Work required >>
Leave the pictures out, and transcribe the material below exactly from the line with "縄編み&透かし編みでせっせと編んで" to the line with "This charming sweater", both lines included.
(Supplied material begins)
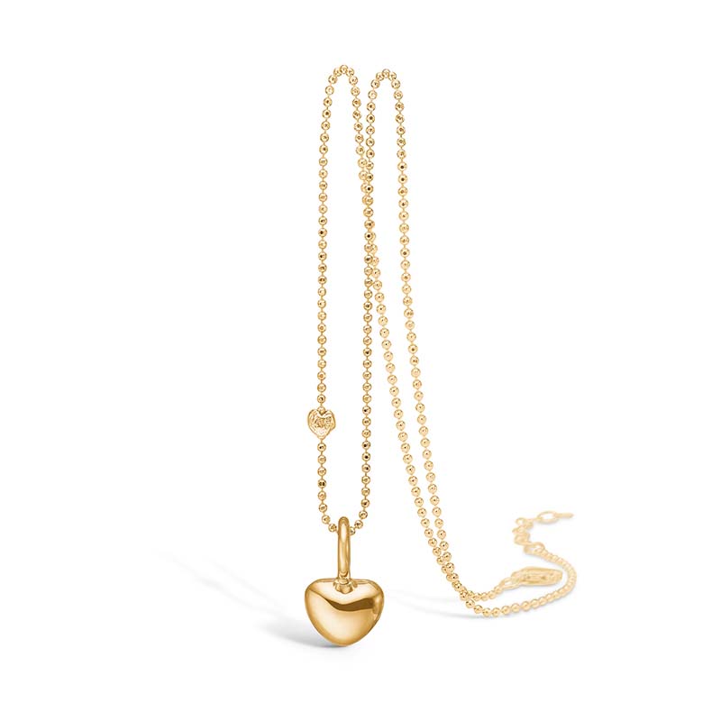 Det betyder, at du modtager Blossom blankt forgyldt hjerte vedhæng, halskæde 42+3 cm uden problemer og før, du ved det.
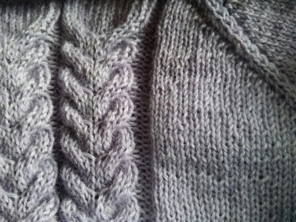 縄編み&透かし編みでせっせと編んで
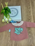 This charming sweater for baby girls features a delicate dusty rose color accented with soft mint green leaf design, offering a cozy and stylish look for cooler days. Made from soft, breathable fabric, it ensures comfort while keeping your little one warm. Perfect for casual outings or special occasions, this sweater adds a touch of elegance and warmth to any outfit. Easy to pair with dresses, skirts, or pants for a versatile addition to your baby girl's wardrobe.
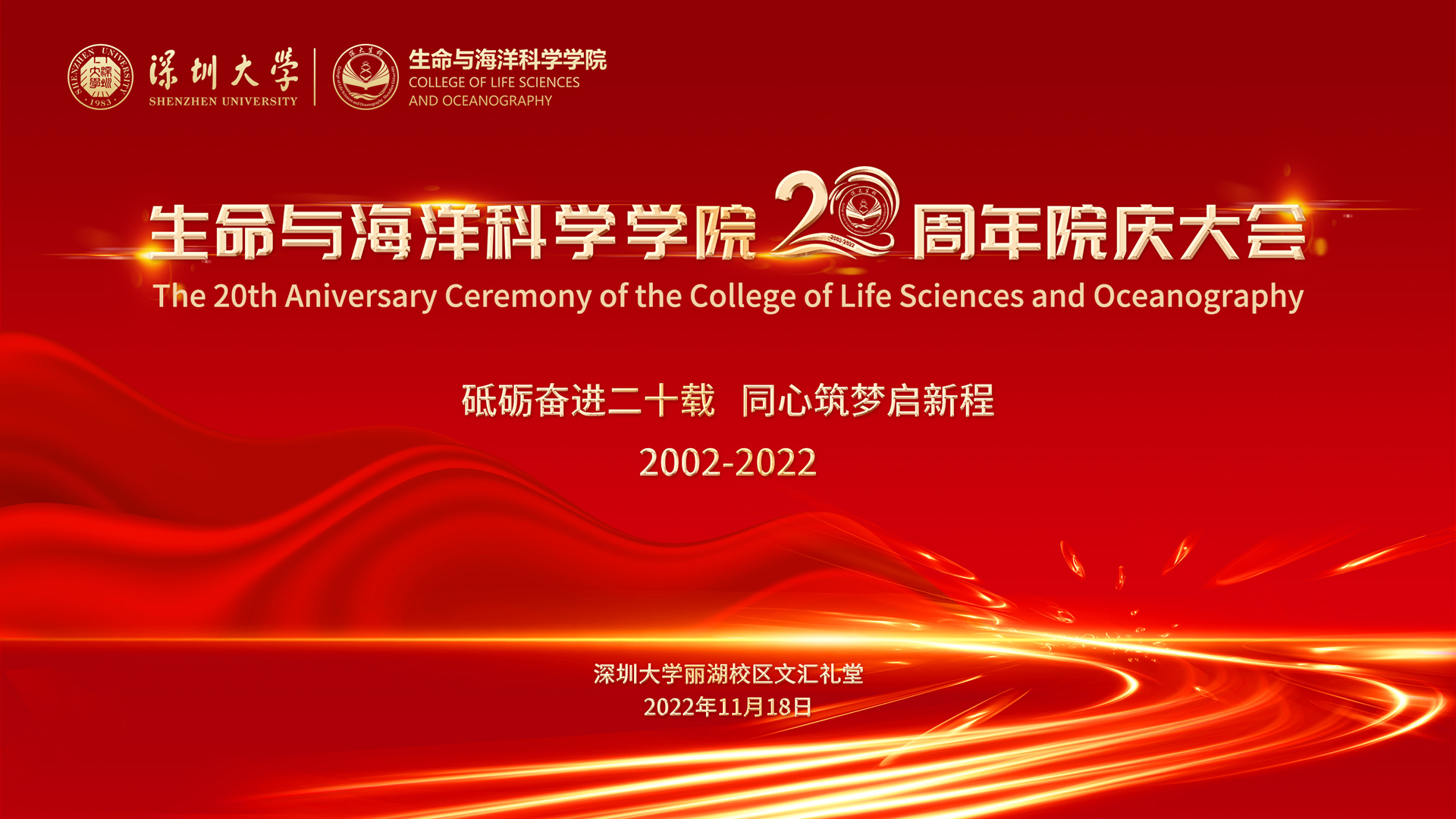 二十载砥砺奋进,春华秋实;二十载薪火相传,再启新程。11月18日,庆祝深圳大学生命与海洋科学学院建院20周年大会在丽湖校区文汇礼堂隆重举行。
(Supplied material ends)
(Supplied material begins)
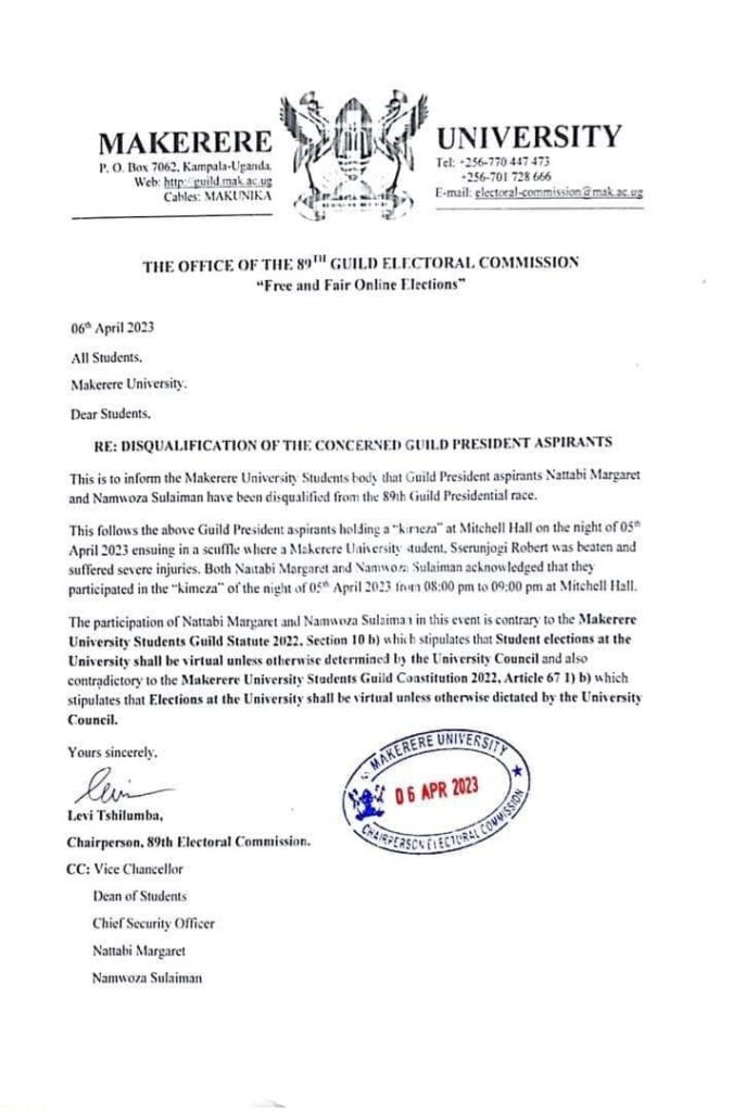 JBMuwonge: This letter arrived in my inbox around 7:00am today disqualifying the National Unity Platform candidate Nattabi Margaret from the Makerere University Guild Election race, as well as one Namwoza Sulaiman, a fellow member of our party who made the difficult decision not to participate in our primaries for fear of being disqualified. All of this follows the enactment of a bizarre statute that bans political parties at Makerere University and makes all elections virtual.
(Supplied material ends)
Exercise answer >>
 縄編み&透かし編みでせっせと編んで
 This charming sweater for baby girls features a delicate dusty rose color accented with soft mint green leaf design, offering a cozy and stylish look for cooler days. Made from soft, breathable fabric, it ensures comfort while keeping your little one warm. Perfect for casual outings or special occasions, this sweater adds a touch of elegance and warmth to any outfit. Easy to pair with dresses, skirts, or pants for a versatile addition to your baby girl's wardrobe.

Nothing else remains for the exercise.